* [DATASET RECORDS]:
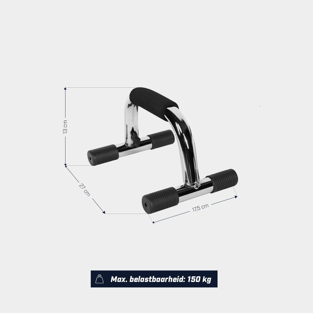 Push-ups zijn een zeer populaire oefening en ook perfect om je persoonlijke conditie te testen. Maar of je nu je persoonlijke push-up record wilt verbreken of dat krachttoename je hoofddoel is: De chromen push-up grips van Gorilla Sports bieden je een comfortabele handpositie voor een comfortabele training. De opdruksteunen zijn verchroomd en voorzien van antislipvoetjes. Het greepgedeelte is bekleed met anti-slip schuim.
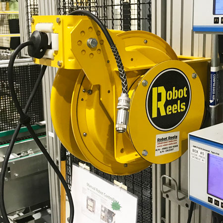 Robot Reels was developed because of a gap in the industrial robot marketplace. In walking through manufacturing facilities nationwide, I witnessed teach pendant cables scattered on the floor around robot cells, causing potential tripping hazards.
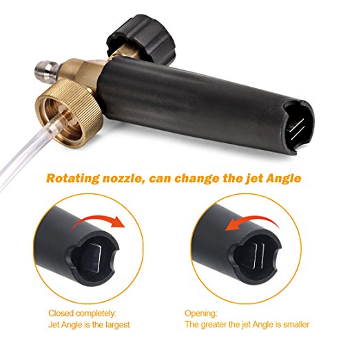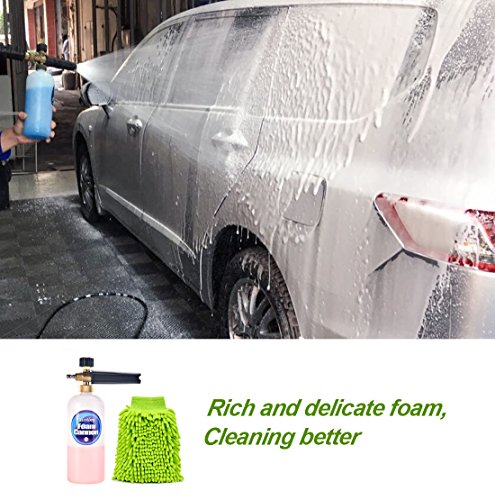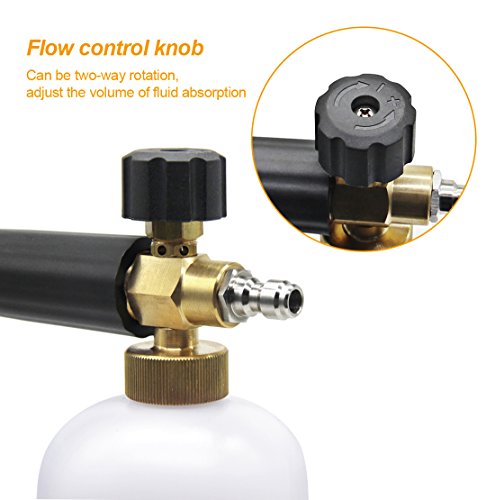 -. Feature : Cleaning better: The foam was thick and delicate and the stains can be rinsed away easily after allowing the foam on the vehicle for just a few short minutes. The Pressure Washer is required to have 2.0GPM & over 1000 PSI Pressure for use. / Durable: Connectors are made of premium brass. The bottle is made of high-quality material, very thick and durable, not easy to crack, anticorrosive. The bottle is translucent and you can see the rest of the cleaner. / Adjustable: The flow control knob can adjust the volume of foam output. The jet angle can adjust the shape of the foam output, it adjusts quite easily from a wide fan to a narrow stream. / Adjustable Foam Lance with 1/4" quick disconnection fitting, 33 OZ (1 liter) container bottle. The package comes with free chenille microfiber car wash mitt. / Note: This foam cannon should be used together with the pressure washer (but pressure washer not included).
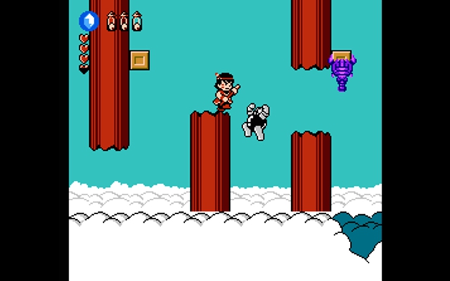 But none of that would prepare me for the hell that would be the Final Test. This took place in what looks to be the Heavens (which would make more sense in the original context). The difficulty spike on this was immense, probably the biggest in all of gaming. I mean, here you have this game with pretty easy stages and a couple of asshole bosses. Then you hit this stage, it’s like going from Super Princess Peach to Ninja Gaiden. The stage was abnormally long, you constantly bounced off clouds since there wasn’t much solid ground to speak of, and all of those abilities, save for two or three, were useless. Then there’s the uppermost part where the gravity is turned off. Now it’s very easy to just careen into otherwise easily avoidable enemies. I never got past this part and to this day have never finished the game.
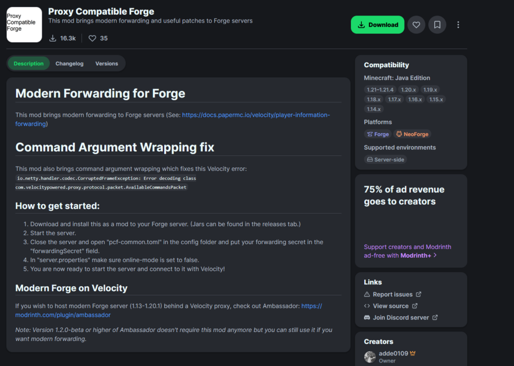 This mod helps bridge the gap between Forge servers and Velocity proxies by enabling modern forwarding, UUID support, and more. It’s essential for ensuring player identity and connection stability.
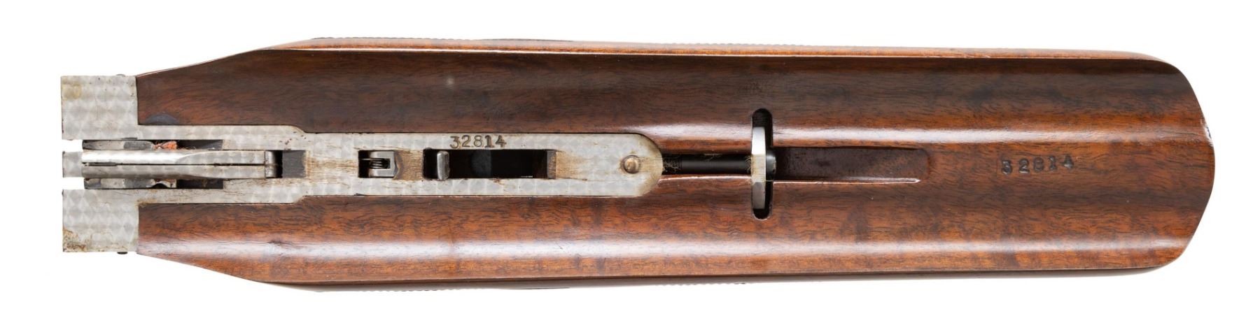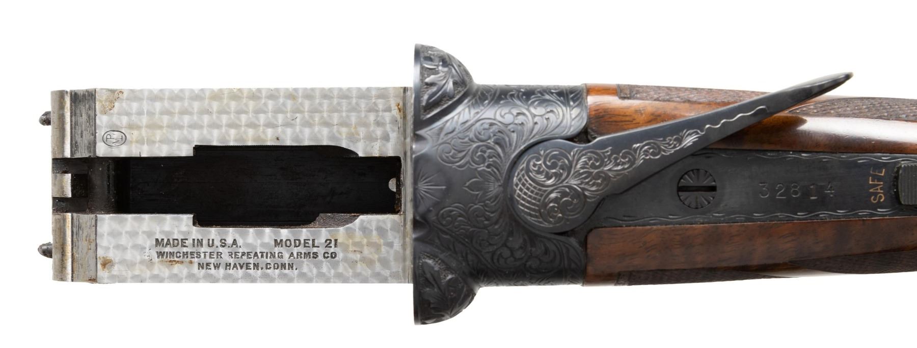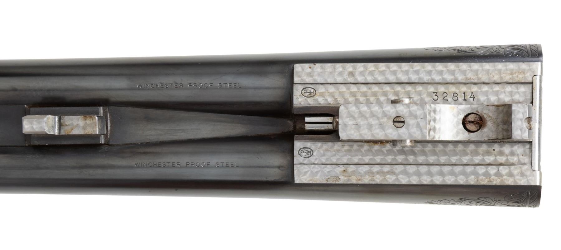 RIFLE. Cal. 50-140 Win. S# 32814. Bbls are 26" of Winchester proof steel. Ramp mounted bead front sight with quarter rib mounted Express rear sight having one standing and three folding leafs. Flat sided boxlock action w/ blue finish having Grand American style No. 6 engraving w/ gold. Right side scene features a gold moose. Left side scene features gold bugling elk. Floorplate has a gold big horn ram. Trigger guard has a gold bear portrait. Bolsters feature oak leaf carving. Balance of action has scroll engraving and fancy borders that continue to forearm iron and breech end of bbls. Features include gold plated SST, selective ejectors, and automatic safety. Water tables of frame and bbls along w/ inside forearm are jeweled. Ebony tipped beavertail forearm w/ pistol grip stock of fancy gloss finished walnut. Stock and forearm have fine segmented borderless checkering w/ fleur de lis highlights. Blued steel grip cap w/ gold Grand American marking. Toeline of stock has oval name plate. LOP: 14 3/8" over a solid red pad. WEIGHT: 10 lb 2 oz. CONDITION: 99% original blue. Stocks show a few small dents and handling marks. Bright near excellent bores. (25-1413/DS). CURIO. $10,000-15,000.
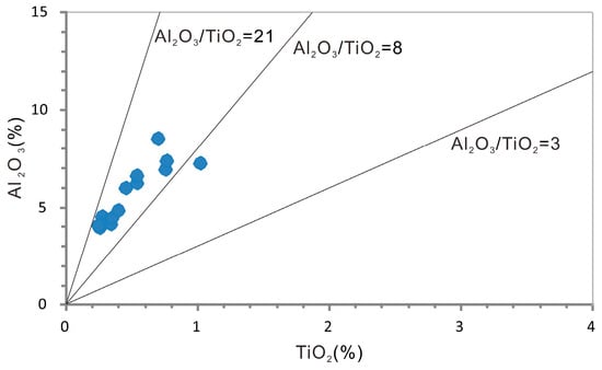 Many studies have shown that the Al2O3/TiO2 ratios are useful provenance indicators to determine the terrigenous materials not only for normal sedimentary rocks but also for coal seams [8,10,73,75,76]. It is suggested that the Al2O3/TiO2 ratios for sedimentary rocks with 3–8, 8–21, and 21–70 are considered to originate from mafic-, intermediate-, and felsic dominated sediment source regions, respectively [75]. In the plot of Al2O3 vs. TiO2 for coal samples from the Zhongliangshan coalfield (Figure 11), almost all coal samples fall in the area between 8 and 21, indicating that the terrigenous source of the studied samples is of intermediate composition. This further indicates that the dominant sediment source region is not the mafic basalts of the Kangdian upland, where the typical Al2O3/TiO2 ratios are between 3 and 8 [76].
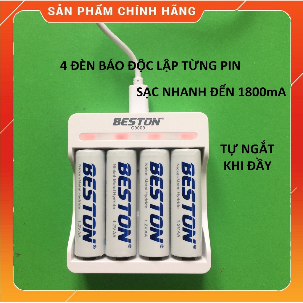 Bộ Sạc Pin AA, AAA Beston C9009 Tự ngắt khi đầy Sạc Nhanh Có Đèn báo đầy độc lập từng pin, pin sạc chính hãng

* [WHAT IS EXPECTED]: Only the lines from the one that holds "Many studies have" through the end of the records above should be printed again, exactly as they are. Leave out the pictures.

* [RESULT]:
 Many studies have shown that the Al2O3/TiO2 ratios are useful provenance indicators to determine the terrigenous materials not only for normal sedimentary rocks but also for coal seams [8,10,73,75,76]. It is suggested that the Al2O3/TiO2 ratios for sedimentary rocks with 3–8, 8–21, and 21–70 are considered to originate from mafic-, intermediate-, and felsic dominated sediment source regions, respectively [75]. In the plot of Al2O3 vs. TiO2 for coal samples from the Zhongliangshan coalfield (Figure 11), almost all coal samples fall in the area between 8 and 21, indicating that the terrigenous source of the studied samples is of intermediate composition. This further indicates that the dominant sediment source region is not the mafic basalts of the Kangdian upland, where the typical Al2O3/TiO2 ratios are between 3 and 8 [76].
 Bộ Sạc Pin AA, AAA Beston C9009 Tự ngắt khi đầy Sạc Nhanh Có Đèn báo đầy độc lập từng pin, pin sạc chính hãng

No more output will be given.